The susceptibilities of our C. auris isolates were similar to those reported from our region [42,43,44,45] and phylogenetically, the isolates’ genomes belonged to the South Asian clade I. This clade was also found in other countries of the same region: Oman, Qatar, and Saudi Arabia [46]. The phylogenetic analysis showed a limited genetic diversity which implied in-hospital transmission of this pathogen [22], in accordance with what was suggested earlier by a study published from AUBMC [11].

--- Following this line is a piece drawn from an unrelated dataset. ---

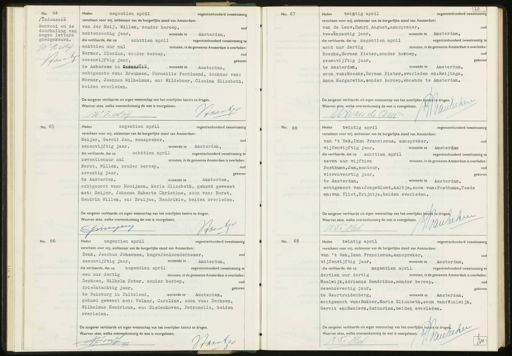 No. 64 Indonesië Renvooi en de doorhaling van negen letters goedgekeurd. 18 7/„ Meij Baand Heden negentien april negentienhonderd tweeënzestig verscheen voor mij, ambtenaar van de burgerlijke stand van Amsterdam: van der Meij, Willem, zonder beroep, oud achtenzestig jaar, wonende te Amsterdam, die verklaarde, dat op achttien april negentienhonderd tweeënzestig te achttien uur nul minuten, in de gemeente Amsterdam is overleden Wormer, Clasina, zonder beroep, oud zesenvijftig jaar, geboren te Ambarawa in Ondadésie,, wonende te Amsterdam, echtgenote van: Brenkman, Corneille Ferdinand, dochter van: Wormer, Joannes Wilhelmus, en: Wildeboer, Clasina Elisabeth, beiden overleden. De aangever verklaarde uit eigen wetenschap van het overlijden kennis te dragen. Waarvan akte, welke overeenkomstig de wet is voorgelezen. Baarts W J. Meij No. 67 Heden twijtig april negentienhonderd tweeënzestig verscheen voor mij, ambtenaar van de burgerlijke stand van Amsterdam: van de Leuv, Henri August,aanspreker, oud tweeënzestig jaar, wonende te Amsterdam, die verklaarde, dat op negentien april negentienhonderd tweeënzestig t acht uur dertig minuten, in de gemeente Amsterdam is overleden Roeske, Herman Pieter,zonder bepoep, oud geboren zesenvijftig jaar, wonende te Amsterdam, te Amsterdam, zoon van: Roeske, Herman Pieter,overleden en: Reijinga, Anna Margaretha,zonder beroep,wonende te Amsterdam. De aangever verklaarde uit eigen wetenschap van het overlijden kentijs te dragen. Vanteeker Waarvan akte, welke overeenkomstig de wet is voorgelezen. Avandeb No. 65 Heden negentien april negentienhonderd tweeënzestig verscheen voor mij, ambtenaar van de burgerlijke stand van Amsterdam: Meijer, Gerrit Jan, aanspreker, oud eenenvijftig jaar, wonende te Amsterdam, die verklaarde, dat op achttien april negentienhonderd tweeënzestig t zeventienuur nul minuten, in de gemeente Amsterdam is overleden o Borst, Willem, zonder beroep, geboren zeventig jaar, te Amsterdam, wonende te Amsterdam, echtgenoot van: Mooijman, Maria Elizabeth, gehuwd geweest met: Meijer, Johanna Huberta Christina, zoon van: Borst, Hendrik Willem, en: Bruijne, Hendrikie, beiden overleden. De aangever verklaarde uit eigen wetenschap van het overlijden kennis te dragen. Waarvan akte, welke overeenkomstig de wet is voorgelezen. Brantse Bmeyjeri No. 68 Heden twintig april negentienhonderd tweeënzestig verscheen voor mij, ambtenaar van de burgerlijke stand van Amsterdam: van 't Hek, Iman Franciscus, aanspreker, oud vijfenvijftig jaar, wonende te Amsterdam die verklaarde, dat op achttien april negentienhonderd tweeënzestig te zeven uur vijftien minuten, in de gemeente Amsterdam is overleden Posthuma, Jan,monteur, oud geboren vierenveertig Jaar, worende te Ansterdam, te Amsterdam, echtgenoot van: Jongebloet,Aaltje,zoon van: Posthuma,Taede en: van Vliet,Trijntje,beiden: overleden. De aangever verklaarde uit eigen wetenschap van het overlijden kentis te dragen J Vanbekeu Waarvan akte, welke overeenkomstig de wet is voorgelezen. J.V v Het No. 66 Heden negentien april negentienhonderd tweeënzestig verscheen voor mij, ambtenaar van de burgerlijke stand van Amsterdam: Donk, Jacobus. Johannes, begrafenisondernemer, ou zesenvijftig jaar, wonende te Amsterdam, die verklaarde, dat op negentien april negentienhonderd tweeënzestig te een uur dertig minuten, in de gemeente Amsterdam is overleden Derksen, Wilhelm Peter, zonder beroep, oud drieentachtig jaar, geboren te Duisburg in Duitsland, wonende te Amsterdam, gehuwd geweest met: Volmer, Caroline, zoon van: Derksen. Wilhelmus Hendricus, en: Diedenhoven, Petronella, beiden overleden. De aangever verklaarde uit eigen wetenschap van het overlijden kennis te dragen. Waarvan akte, welke overeenkomstig de wet is voorgelezen. JJovep Waarter No. 69 Heden twintig april negentienhonderd tweeënzestig verscheen voor mij, ambtenaar van de burgerlijke stand van Amsterdam:

The strength of our study is the wide clinical data and clinical characteristics presented on patients with acquired C. auris. In addition, our study is the first case-control study in the literature evaluating specifically C. auris isolation in severe COVID-19 patients admitted to the ICUs. However, several limitations are present. First, this is a retrospective study, therefore, bias could have happened while collecting data. Second, we did not have a well-matched control group, as all patients who fit the inclusion definitions during the study period were included, and this could have selected for possible confounders. Third, positive C. auris cultures done as part of infection control screening were excluded and this might have affected our analysis. Finally, because of the retrospective nature of the study, the number of patients was not equally distributed between the three groups which might have limited our analysis and conclusions. Future prospective studies with similar population characteristics are needed to draw better conclusions.

5. Conclusions

C. auris is a pathogen with significant infection control implications which has serious consequences on patients’ outcomes including those infected with COVID-19. The presence of a CVC, a urinary catheter, high qSOFA score, and a prolonged LOS were associated with increased C. auris isolation rates in patients with severe COVID-19 infection admitted to the ICUs. Prolonged LOS and qSOFA score were the only independent risk factors for C. auris isolation, whereas septic shock was the only identified independent risk factor that increased mortality in patients with severe COVID-19 infections and C. auris. These findings broaden our understanding of C. auris infections in the setting of COVID-19, and call for implementing rigorous infection prevention and control measures and antimicrobial stewardship practices while managing COVID-19-infected patients to curtail the spread of this pathogen. Future prospective multicenter studies are needed to better understand the scope of this infection.